Same here. I am trying to quit right now for myself. A week so far, but I don't know how long it will last. I am trying to be optimistic but realistic. My reason for doing it is simply money. I want health insurance. So I am spending the money for cigarettes on health insurance. Yet, I don't know how much longer it will last with the no smoking thing. We'll see, I'm doing ok right now without them.
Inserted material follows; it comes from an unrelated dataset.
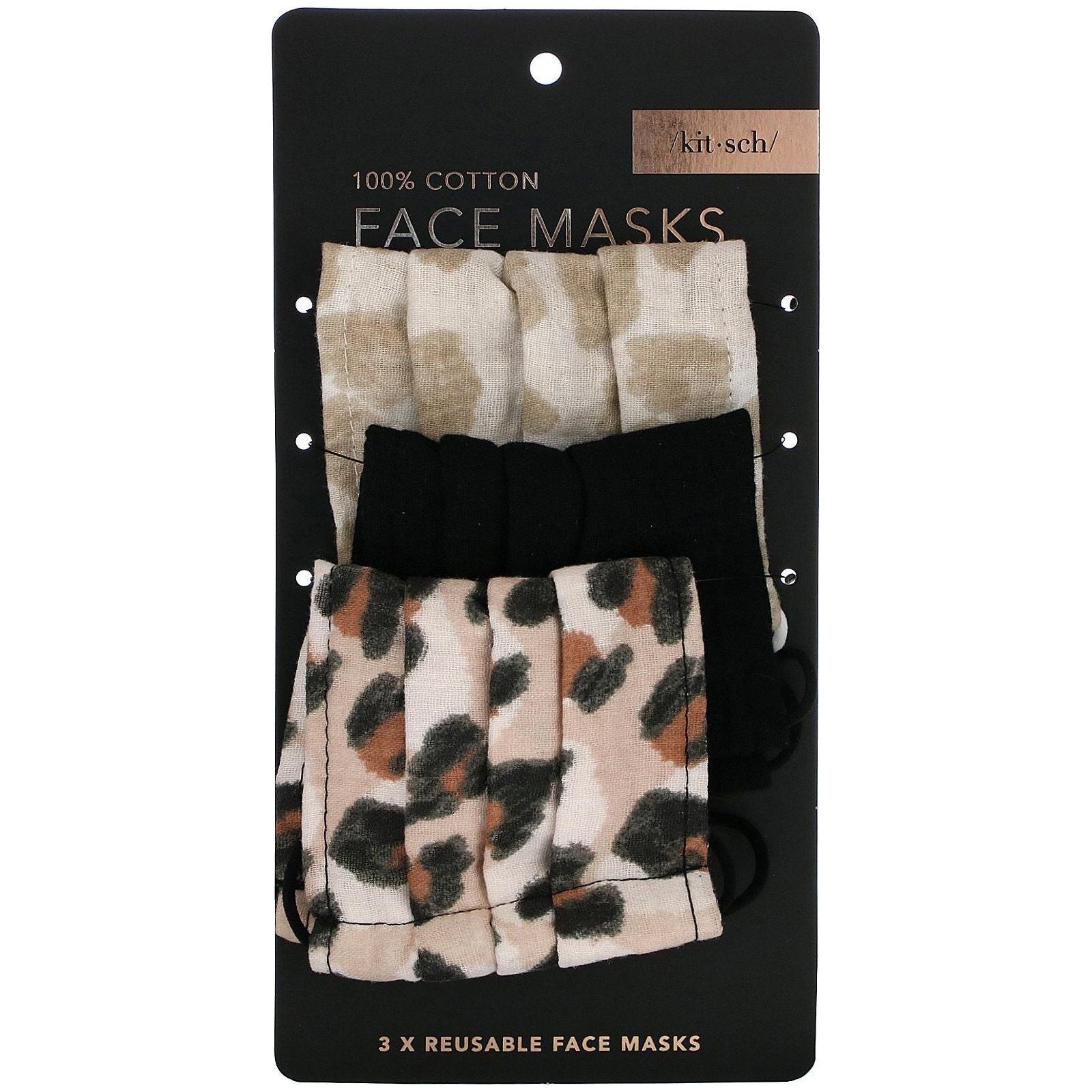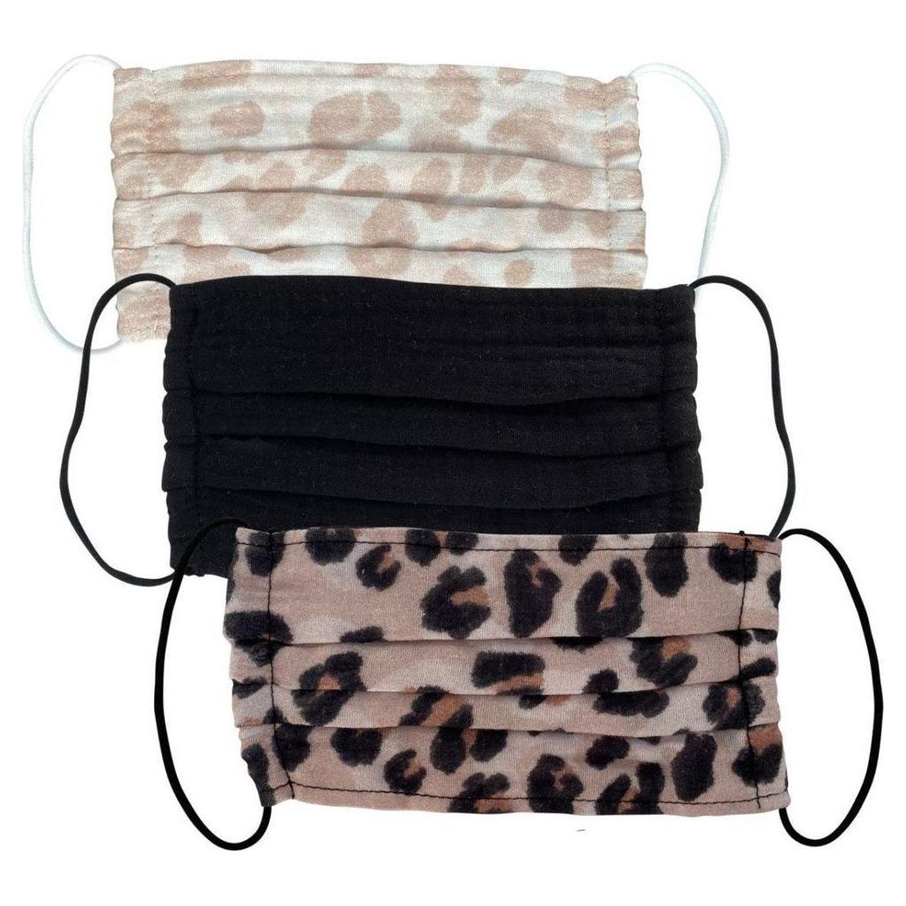 100% cotton face mask 3pc set in 3 assorted patterns: neutral tie dye, solid beige, and micro dot.

I agree though. When they had that thread, the majority of women here at CF that was part of their deal breaker. That's perfectly fine...so why is it bad for men to say that weight is an issue? I mean I could go on to prove that smoking was influenced beyond my control and due to my family background of smoking I would have been statistically prone to jump to smoking say than someone else, just as overweight women have overweight people in their family...so it may be in the genes eh? :p

But why do I need to dance on eggshells if I mention that (her)weight is a problem for me? It's a problem not only because it's unattractive and usually means more health problems down the road - but also because I'd prefer someone with whom I am not tempted to eat alot of un-healthy food with - because eating healthy is very important to me - *especially because I smoke and drink*.
You don't in my opinion. The fact that we do have to walk on eggshells/be apologetic and explain ourselves as males time and time again is a problem.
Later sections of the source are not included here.